Ligand-Amplified Quantum Tunneling in Polymer-Mediated Artificial Photosystems

Abstract

Quantum tunneling offers a fascinating paradigm for orchestrating spatial charge transport in artificial photosynthesis. However, precisely manipulating electron tunneling across well-defined heterointerfaces remains a formidable challenge, with conventional designs largely confined to classical Semiconductor-Insulator-Metal (S-I-M) architectures. Herein, we report a conceptual endeavor by fundamentally departing from the traditional S-I-M model, constructing a unique and novel Semiconductor-Insulator-Ligand/Metal tunneling platform. Specifically, an ultrathin insulating poly(sodium 4-styrenesulfonate) (PSS) layer is engineered onto a transition metal chalcogenide (TMC, e.g., CdS) substrate. Subsequently, poly(diallyldimethylammonium chloride) (PDDA)-capped metal nanocrystals (M@PDDA, M = Au, Pd) are precisely anchored via electrostatic self-assembly, yielding well-defined TMC@PSS@M@PDDA heterostructures. Distinct from conventional systems, the PDDA ligands synergistically couple with the metal core to form an integrated, highly potent electron capture center driven by the Schottky-junction effect. This unique synergistic driving force triggers non-classical, directional electron tunneling from the photoexcited TMC substrate directly through the insulating PSS barrier.
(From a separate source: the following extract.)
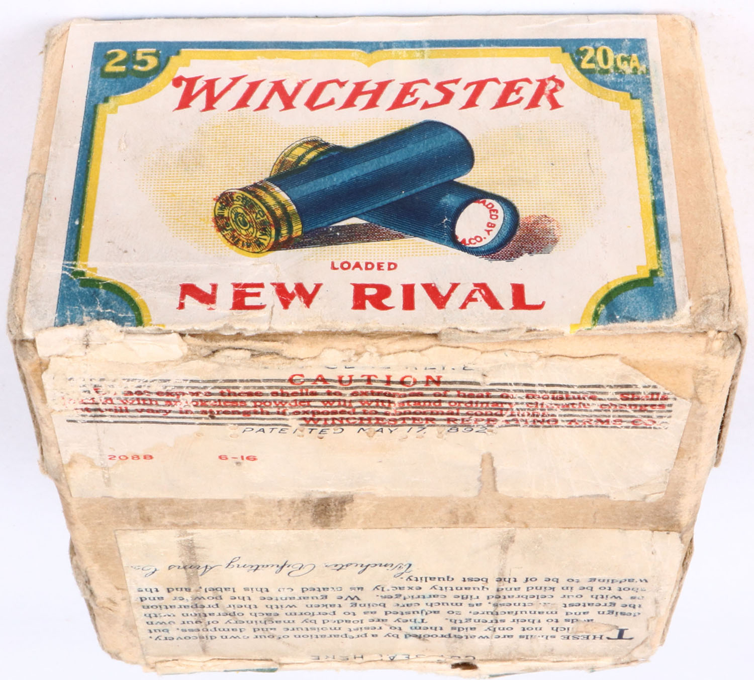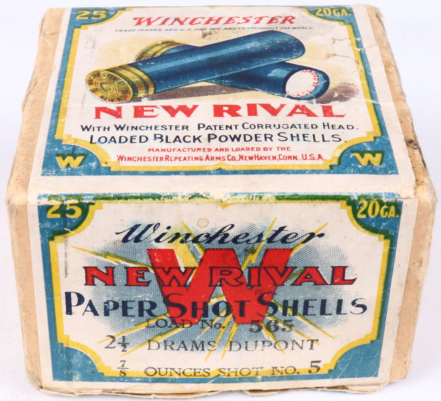 Winchester, NEW RIVAL, 20 GAUGE, 2pc., Empty, Shot Size 5, buff box with multi-colored label that pictures the two crossed shells, loaded BLACK POWDER shells, box has tape repaired seam split with very nice colors. Grade: Excellent - Value: 50 to 200

Benefiting from this advantageous Quantum tunneling, TMC@PSS@M@PDDA heterostructures demonstrate significantly enhanced and multifarious visible-light-driven photoredox activities including selective organic transformations and H2O2 production. This work establishes an elegant conceptual paradigm for decoding and customizing quantum tunneling pathways, offering profound fundamental insights into advanced solar energy conversion.